The Great Recession officially ended in June 2009, six months into former President Obama’s first term. The economy continued to shed jobs until the following March. Manufacturing was particularly hard hit, with almost 2.3 million manufacturing jobs—some 1 in 6—lost between January 2008 and March 2010.
As is the case during recoveries, jobs bounced back, with seasonally adjusted nonfarm employment expanding almost 12% from March 2010 until January 2017, when President Obama handed over the presidency to Donald Trump.
But during the same period, manufacturing employment grew only 7.7% with manufacturing payrolls virtually flat in the last 21 months of the Obama administration.
We were told it was the new normal.
At a town hall in June 2016, President Obama famously said that some manufacturing jobs “are just not going to come back.” He went on to mock then-candidate Trump by saying he’d need a “magic wand” to make good on this manufacturing job promises.
Months later, as the shock of a President-elect Donald Trump was still being absorbed, New York Times columnist and economist Paul Krugman tweeted on November 25, 2016, “Nothing policy can do will bring back those lost jobs.
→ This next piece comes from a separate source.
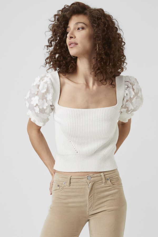 100% cotton. Organza sleeves. Slim fit. Size up. Hand wash cold.
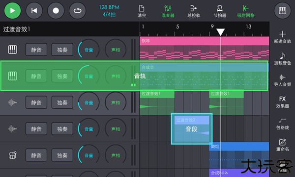 1、需要了解音轨和音段,通过编排制作一首完整的乐曲。

The service sector is the future of work; but nobody wants to hear it.”
Well, a funny thing happened—Trump’s policies, and just as importantly, the expectation of Trump’s policies, ignited a manufacturing resurgence.
In the first 21 months of the Trump presidency, nonfarm employment grew by a seasonally adjusted 2.6%. In the same period, manufacturing employment grew by 3.1%, reversing the trend under Obama when overall employment grew faster than employment in the manufacturing sector.
Comparing the last 21 months of the Obama administration with the first 21 months of Trump’s, shows that under Trump’s watch, more than 10 times the number of manufacturing jobs were added.